Brain Tumors: Types, Causes, Symptoms & Side Effects

Instructor: Amanda Robb

Amanda holds a Masters in Science from Tufts Medical School in Cellular and Molecular Physiology. She has taught high school Biology and Physics for 8 years.

This lesson is about brain tumors, or uncontrolled growth of cells in the brain. We will go over different types of brain cancer, causes, symptoms and side effects of treatment.

Tumors Versus Cancer

Cells are only supposed to grow a certain amount. Think about how we grow during childhood. We eventually stop growing and cell division, or the process of making new cells, slows down. But, what happens if we can't turn on the breaks for cell division? What would happen to our bodies? The answer is tumors.

Tumors are masses of uncontrolled cell growth. The word tumor is usually associated with cancer, but it doesn't always turn into cancer. A tumor just means an area of the body where cells are growing out of control. When a tumor becomes cancerous, it starts to move around the body and invading other tissues. Think of a tumor as an army in reserve, not actively being deployed yet. During cancer, our armies mobilize and invade other countries.

The tumor on the right does not invade other tissues, where as the cancer cells on the left do
tumor vs. cancer

A brain tumor is a mass of uncontrolled cell growth, specifically in the brain. The tumor may be benign, meaning non-invasive, or cancerous, meaning it invades other tissues. Tumors still crowd out other functioning cells in the area, so both are dangerous for the person.

Types of Brain Tumors

There are two main types of brain tumors, and each one is classified based on what kind of cells are dividing out of control.
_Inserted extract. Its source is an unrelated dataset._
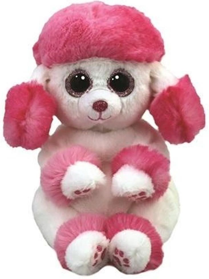 Maskotka TY Beanie Bellies to różowo-biały pudel, o imieniu Heartly. Maskotka została wykonana z miękkiego i przyjemnego w dotyku pluszu. Posiada piękne, brokatowe oczy. Produkt zawiera cechy charakterystyczne zwierzątka, które odwzorowuje. Pudelek ma doszyte uszka i ogonek. Urocza główka automatycznie przyciągnie uwagę dzieci. Podstawa została wypełniona małymi groszkami. Maskotka świetnie nadaje się do zabawy i przytulania dla każdego dziecka. Cechy produktu: - zabawka wykonana z miękkiego i przyjemnego w dotyku pluszu, - podstawa maskotki została wypełniona małymi groszkami, - posiada błyszczące oczy zdobione brokatem. Wymiary produktu (siedzący): 11x15x12cm Wiek: 3+

The first type of brain cancer is gliomas. Gliomas occur when supporting cells in the brain divide out of control. Types of supporting cells include astrocytes, glial cells, and Schwann cells. These cells help the main cells in the brain, the neurons, by providing physical support, nutrients and protecting them.

Glioblastoma in a cross section of the brain

Non-Glioma tumors occur when the actual cells of the brain, neurons, or the cells that make up the layers surrounding the brain, called the meninges, divide out of control. Below is a picture of a meningioma, a tumor of the meninges, the outer layer of the brain.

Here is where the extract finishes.